The best hypothesis of the evolution of animals is based on a combination of the characters of living and fossil organisms.
Two organisms are more similar than not.
The addition of data has resulted in updated trees that are different from the ones before.
The colonial flagellated protist who lived about 600 mya is believed to have descended from the animal phyla.
The hypothesis of this tree is to determine which phyla are most closely related to one another.
The placement of Ctenophora and relationships among Spiralia are most uncertain.
Refer to Figure 28.6 as we discuss the differences between animals in the animal family tree.
There are three types of symmetry in the animal kingdom.
The bodies of the cnidarians and ctenophores are similar to a wheel in that they are circular and have two identical halves.
There are many forms of animals that are symmetrical.
The organisms are able to extend out in all directions from one center.
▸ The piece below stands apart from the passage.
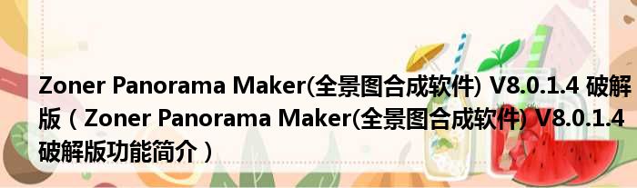 Zoner Panorama Maker(全景图合成软件) V8.0.1.4 破解版(Zoner Panorama Maker(全景图合成软件) V8.0.1.4 破解版功能简介)

Animals with radial symmetry can be floating.
Only a single longitudinal cut down the centerline of the animal produces two equal halves as the rest of the animals exhibit bilateral symmetry.
Bilaterally symmetrical animals have defined ends, and forward movement is guided by the anterior end.
The colonial flagellate hypothesis is attractive because it implies that radial symmetry preceded bilateral symmetry in animal history.
This development was important to an animal's ability to move away from danger.
sponges are the simplest animals.
sponges are multicellular They do not have specialized tissues.
embryological development leads to the development of true tissues in more complex animals.
The first tissue layers that appear are called germ layers, and they give rise to the organs and organ systems of complex animals.
There are no specialized organs in diploblastic animals.
Placozoa is a poorly known phylum with only a single living member discovered.
The mouth or the anus develops first in the embryo.
The anus develops prior to the mouth in deuterostomes.
All animals, including humans, are deuterostomes.
Protostomes are more similar to deuterostomes.
Each cell has limited potential and cannot develop into a complete embryo, and the blastopore is associated with the mouth.
New cells sit on top of old cells to form a complete embryo, and the blastopore is associated with the anus, if present.
The daughter cells sit in grooves formed by the previous cleavages in most protostomes.
The fate of these cells is determined by the way in which they contribute to development.
The daughter cells sit on top of the previous cells in deuterostomes.
The fate of these cells is uncertain, because if they are separated from one another, each cell can become a complete organisms.
As development progresses, a hollow sphere of cells forms and an opening called the blastopore is created.
The mouth appears near the blastopore.
The anus appears at or near the blastopore in deuterostomes.
All deuterostomes have a body cavity lined by aderm.
The coelom in these groups is due to the fact that the mesoderm cells line the cavity completely.
In the two groups, the coelom develops differently.
The coelom can be produced by a splitting of cells located near the blastopore.
The coelom can be found in the wall of the primitive gut.
The pouch enlarges until they meet.
Chapter 42 tells you more about animal development.
The animal body plan can be divided into three categories based on symmetry, from a lack of symmetry in the sponges, to radial symmetry in the cnidarians, to bilateral symmetry in more recently evolved groups.
The body plan of an animal is the result of a carefully orchestrated pattern of genes being expressed at the right time and in the correct region of the developing embryo.
The anterior and rear ends of the embryo are determined in the first stage of development.
The next step in development is to divide the embryo into segments, each of which will become a different part of the body.
There is a plan on Page 517 during development.
When, where, and how long a particular developmental gene is active are all controlled by homeotic proteins.
Some animals have more than one cluster of genes with duplicate copies.
The fruit fly embryo is sectioned and stained during different stages of development.
The chicken and mouse have 7 and 12 thoracic vertebrae, respectively.
There are three characteristics that all animals have in common.